### EXERCISE INSTRUCTIONS
Omit every picture. Return all other data as it stands.

Items from a data source:
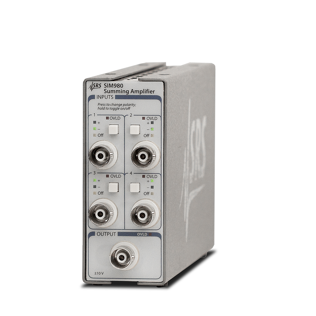 Power (max.): Power supplied by the SIM900 Mainframe, or optionally by a user-supplied DC power supply (±15 V and +5 V).
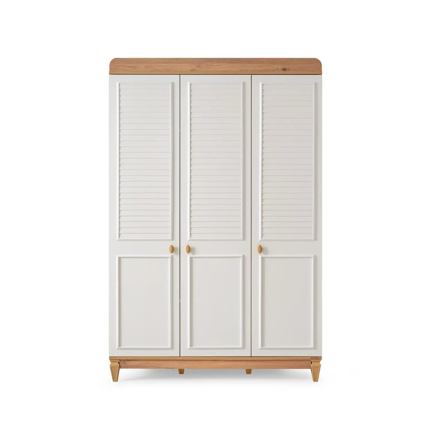 - Kapaklardaki panjur görünümü ve klapa detayları dolaba zarif bir dokunuş katarken, kendinden frenli menteşe sistemi ile sessiz ve güvenli bir kullanım sağlar. Yuvarlatılmış köşe tasarımı çocuklarınız için ekstra güvenlik sunarken, yüksek ayak yapısı sayesinde robot süpürgeyle kolay temizlik imkânı sunar.
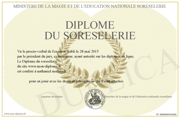 Envoyez par email votre Diplôme du soresélerie personalisé
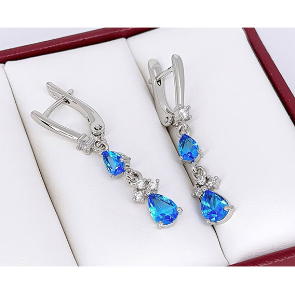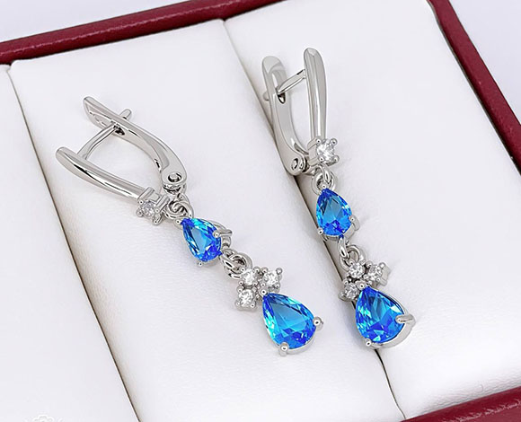 Не вызывающая аллергии бижутерия. Ювелирный сплав, покрытый серебром, вставки — фианиты. Длина серег 3,8 см, английский замок.
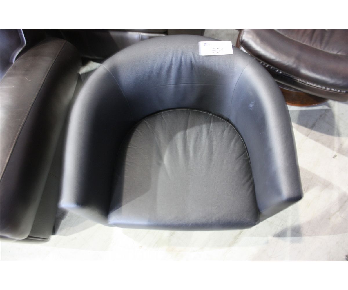 BLACK LEATHER TUB CHAIR
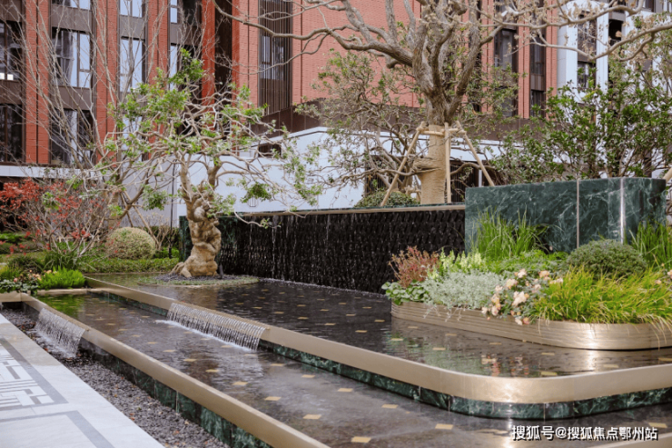 水畔之汀:作为未来主入口迎客水景,延续海派弧形收边设计与叠水效果,幻影蓝流水墙、普拉达绿景墙与奢金影灯撞色融合,中央百年桩景红果冬青与进口红枫搭配,成为点睛之笔。
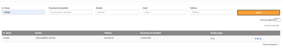 • Datos del cliente: No debes rellenar todos los datos de tu cliente, sino que esta sección actúa de buscador en tu cartera de clientes. Simplemente rellena algún dato identificativo y pulsa el botón buscar, para que se muestren los resultados de la búsqueda. Al seleccionar un cliente, deberás seleccionar también el método de pago, de entre los que tiene registrados, que se usará para realizar el cobro.
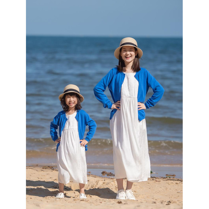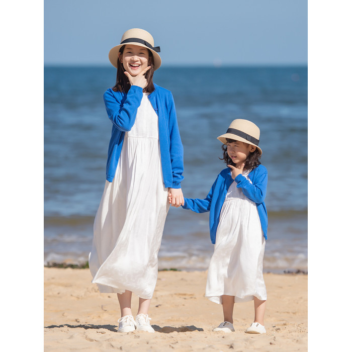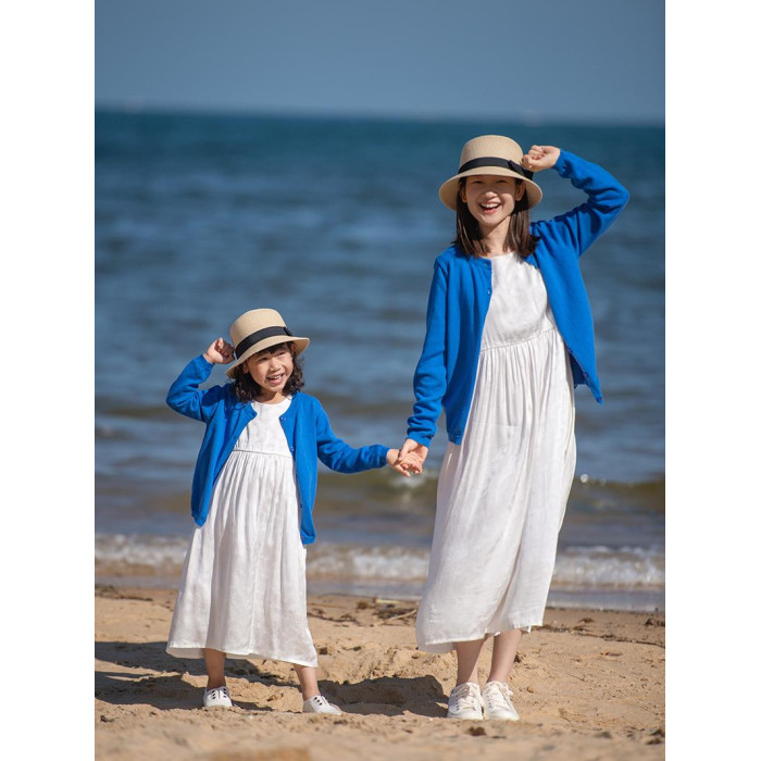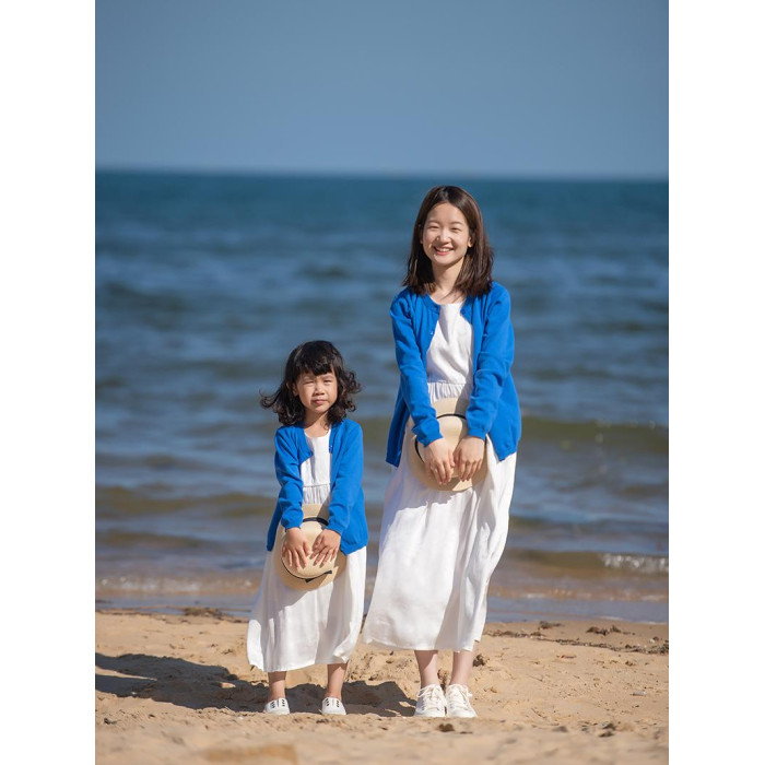 小樂往親子裝122課 春秋藍色棉開衫海邊草原度假拍照寫真母女外套
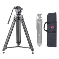 3Pod V3Ah 3 Section Aluminum Video Tripod For Camera, Professional Camera Tripod With 2 Way Fluid Head, Mid Level Spreader, Quick Release Plate, Max Load 8.8 Lbs., 61' Max Height Heavy Duty Tripod
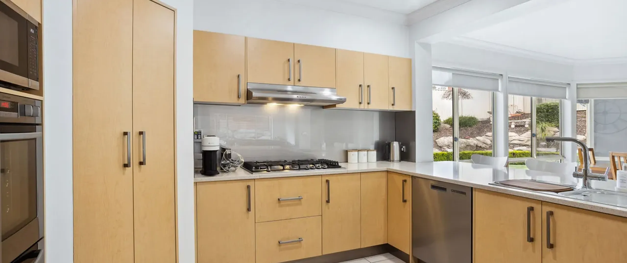 - Wonderfully appointed kitchen with ample bench and storage space, gas cooktop, dishwasher, walk-in pantry, stone bench top and breakfast bar
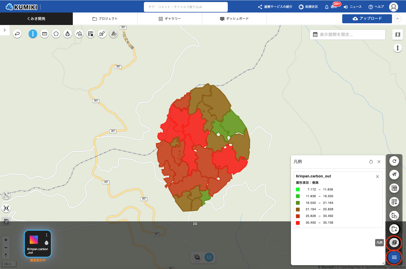 - 凡例には、選択した属性項目名、各区分の色と数値範囲が表示されます。
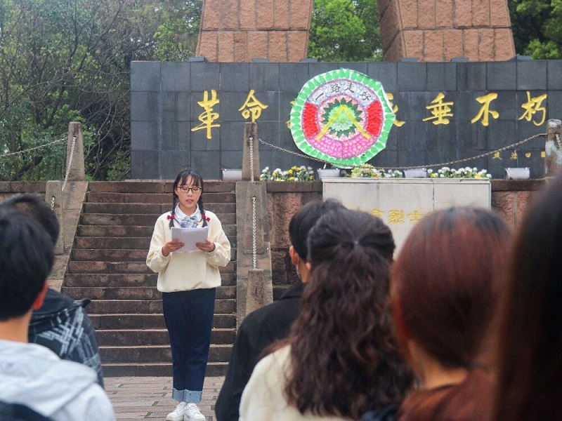 烈士碑下,全体同学在烈士陵园悼念广场上整齐列队向牺牲烈士默哀三分钟,默哀结束后,校易班工作站学生代表丁子心,为在场的每一位同学介绍烈士们的故事,极具感染力的声音让所有人都感受到了先驱们的永垂不朽,浩然正气。随后,全体成员怀着崇高的敬意,深深三鞠躬,接着,两位代表走上烈士碑前,献上悼念的花束。

### SOLVED EXERCISE
 Power (max.): Power supplied by the SIM900 Mainframe, or optionally by a user-supplied DC power supply (±15 V and +5 V).
 - Kapaklardaki panjur görünümü ve klapa detayları dolaba zarif bir dokunuş katarken, kendinden frenli menteşe sistemi ile sessiz ve güvenli bir kullanım sağlar. Yuvarlatılmış köşe tasarımı çocuklarınız için ekstra güvenlik sunarken, yüksek ayak yapısı sayesinde robot süpürgeyle kolay temizlik imkânı sunar.
 Envoyez par email votre Diplôme du soresélerie personalisé
 Не вызывающая аллергии бижутерия. Ювелирный сплав, покрытый серебром, вставки — фианиты. Длина серег 3,8 см, английский замок.
 BLACK LEATHER TUB CHAIR
 水畔之汀:作为未来主入口迎客水景,延续海派弧形收边设计与叠水效果,幻影蓝流水墙、普拉达绿景墙与奢金影灯撞色融合,中央百年桩景红果冬青与进口红枫搭配,成为点睛之笔。
 • Datos del cliente: No debes rellenar todos los datos de tu cliente, sino que esta sección actúa de buscador en tu cartera de clientes. Simplemente rellena algún dato identificativo y pulsa el botón buscar, para que se muestren los resultados de la búsqueda. Al seleccionar un cliente, deberás seleccionar también el método de pago, de entre los que tiene registrados, que se usará para realizar el cobro.
 小樂往親子裝122課 春秋藍色棉開衫海邊草原度假拍照寫真母女外套
 3Pod V3Ah 3 Section Aluminum Video Tripod For Camera, Professional Camera Tripod With 2 Way Fluid Head, Mid Level Spreader, Quick Release Plate, Max Load 8.8 Lbs., 61' Max Height Heavy Duty Tripod
 - Wonderfully appointed kitchen with ample bench and storage space, gas cooktop, dishwasher, walk-in pantry, stone bench top and breakfast bar
 - 凡例には、選択した属性項目名、各区分の色と数値範囲が表示されます。
 烈士碑下,全体同学在烈士陵园悼念广场上整齐列队向牺牲烈士默哀三分钟,默哀结束后,校易班工作站学生代表丁子心,为在场的每一位同学介绍烈士们的故事,极具感染力的声音让所有人都感受到了先驱们的永垂不朽,浩然正气。随后,全体成员怀着崇高的敬意,深深三鞠躬,接着,两位代表走上烈士碑前,献上悼念的花束。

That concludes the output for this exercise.